Okay, I've barely been on ET at all in recent weeks. I've been busy researching Titanic passengers in newspaper archives and have amassed a king's ransom of info on people such as the Cavendishes (mostly Julia's family), as well as the Clarks, Harders, Hippachs and a slew of others.
One thing I discovered was that Julia had a stepmother. Julia Rosenbaum Siegel died when her daughter was small, but in 1898, Henry Siegel married Mrs. Marie Vaughan Wilde, a widow with two daughters named Georgine and Dorothy.
For the first dozen years of their marriage, the names of the Henry Siegels appeared discreetly in society pages as they attended very choice events. Marie Siegel’s outfits were often written about in detail, whether she was dining at Sherry’s, attending the National Horse Show, or was a “First Tier Box Holder” (not quite sure what that entailed) at the Charity Ball of 1902 (of which Colonel Astor and Dr. John S. Tanner — Virginia Clark’s second husband — were patrons).

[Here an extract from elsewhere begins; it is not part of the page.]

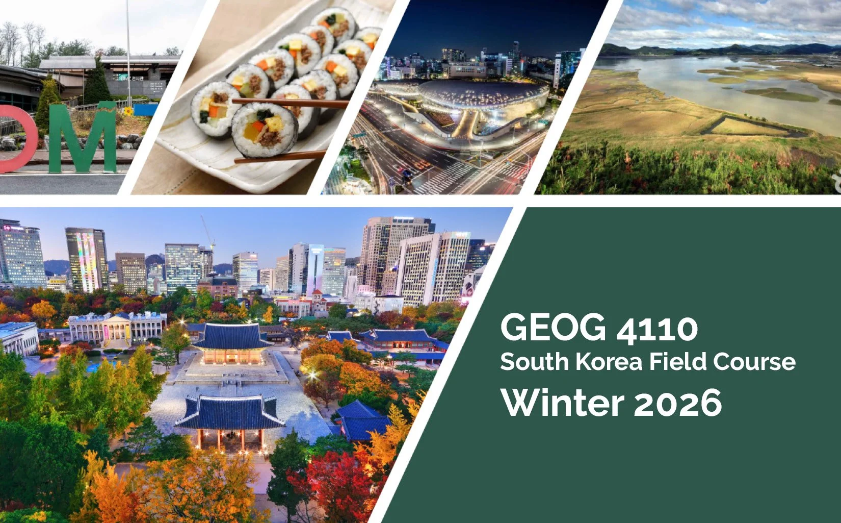 The GEOG 4110: South Korea Field Course provides an opportunity to study the dynamic geography of South Korea (Republic of Korea). Through engaging in-class seminars and an enriching field trip to the country, students delve into diverse aspects of South Korea's physical and cultural landscape. The main themes of the course may change over the years with faculty interests and collaborative opportunities, ensuring relevance and dynamism. By adopting an integrative regional geography perspective, students gain insights into the past, present, and future of South Korea, fostering a comprehensive understanding of this vibrant nation.

They acquired “Driftwood”, their house in Mamaroneck, as well houses at Park Avenue and 88th Street in New York, and on Park Lane in London. It seems that they acquired art voraciously and entertained lavishly. When their country home was robbed in 1907, papers were full of speculations about which of their treasures might have been taken.
Georgine Wilde married Count Count Carlo Dentice di Frasso (accounts vary as to his Christian name and whether he was a count or a prince, but this version is the most widely used) at the Oratory in Brompton, London in 1906. It was witnessed by an impressive assemblage that included the Italian and American ambassadors and various titled continentals (no English aristos mentioned). The Siegels gave a wedding breakfast at Claridge’s. Julia, soon to be married herself, served as a bridesmaid for her stepsister.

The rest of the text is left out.